UnCommon Objects in 3D
Xingchen Liu, Piyush Tayal, Jianyuan Wang, Jesus Zarzar, Tom Monnier, Konstantinos Tertikas, Jiali Duan, Antoine Toisoul, Jason Y. Zhang, Natalia Neverova, Andrea Vedaldi, Roman Shapovalov, David Novotny
TL;DR
UnCommon Objects in 3D (uCO3D) is a high-quality, real-world, object-centric 360-degree video dataset with extensive 3D annotations, captions, and Gaussian Splat reconstructions across over $1{,}000$ categories and $170{,}000$ scenes. It combines VGGSfM-based camera poses, depth maps, sparse/dense point clouds, and canonical-view 3DGS to support robust learning and re-rendering, validated through improved performance on few-view 3D reconstruction, novel-view diffusion, and text-to-3D tasks. The work demonstrates that training on uCO3D yields stronger models than training on prior datasets (MVImgNet, CO3Dv2) and enables re-shooting 3DGS from canonical views to adapt real data for Instant3D-like pipelines. This dataset thus provides a practical, scalable resource for real-world 3D deep learning and generative modelling with broad applicability in digital twinning and 3D content creation.
Abstract
We introduce Uncommon Objects in 3D (uCO3D), a new object-centric dataset for 3D deep learning and 3D generative AI. uCO3D is the largest publicly-available collection of high-resolution videos of objects with 3D annotations that ensures full-360$^{\circ}$ coverage. uCO3D is significantly more diverse than MVImgNet and CO3Dv2, covering more than 1,000 object categories.

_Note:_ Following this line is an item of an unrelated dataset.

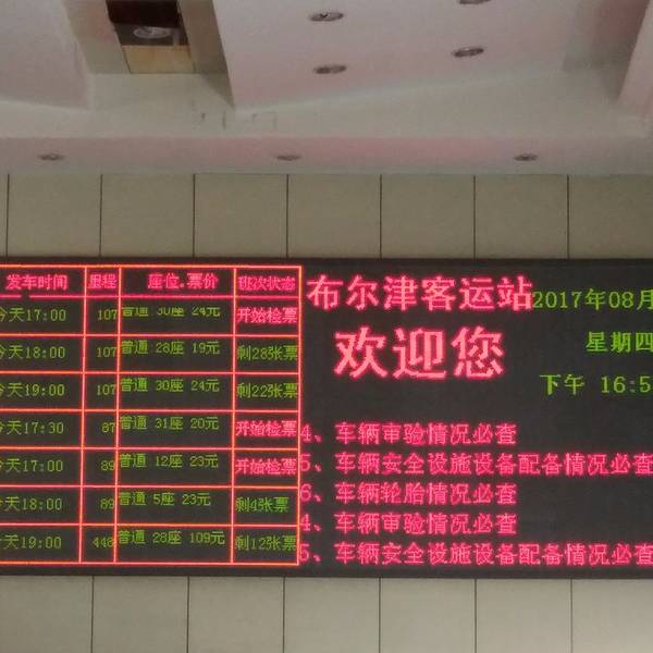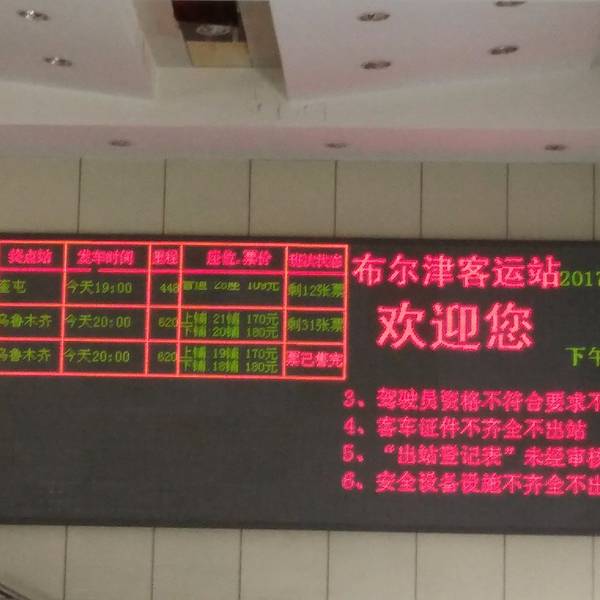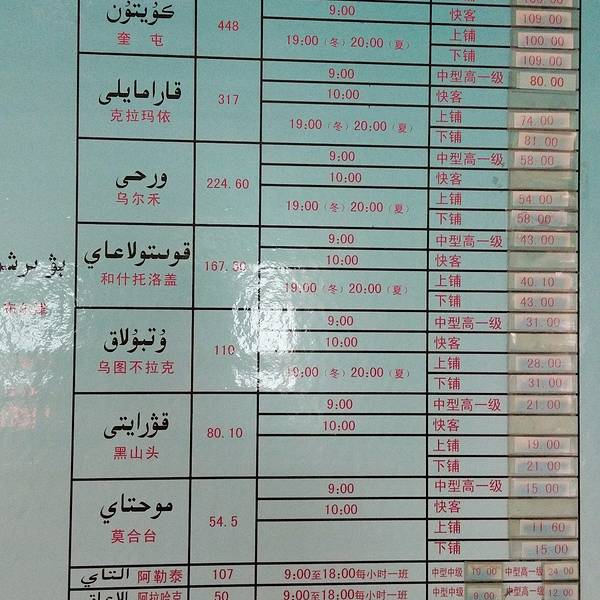 路上路过了一片湖泊,似乎叫北疆海岸。到了布尔津汽车站,物价就平易近人多了。这是布尔津通往各地的班车时刻表和票价,我们最后买了下午5点半的末班车,到北屯市2小时,最后司机图小便宜,一个人收了5块钱,把我们直接拉到了火车站。北屯汽车站到火车站这一段距离打车一般是20.其实我们或许应该选择坐大巴,晚上8点走,第二天早上也就到乌市了,新疆的铁路太不靠谱了,后面我会详细说。到了北屯火车站就去取票,8点半的火车,我们7点10几分就到了,结果车站通知当天所有火车都晚点。。

It is also of higher quality, due to extensive quality checks of both the collected videos and the 3D annotations. Similar to analogous datasets, uCO3D contains annotations for 3D camera poses, depth maps and sparse point clouds. In addition, each object is equipped with a caption and a 3D Gaussian Splat reconstruction. We train several large 3D models on MVImgNet, CO3Dv2, and uCO3D and obtain superior results using the latter, showing that uCO3D is better for learning applications.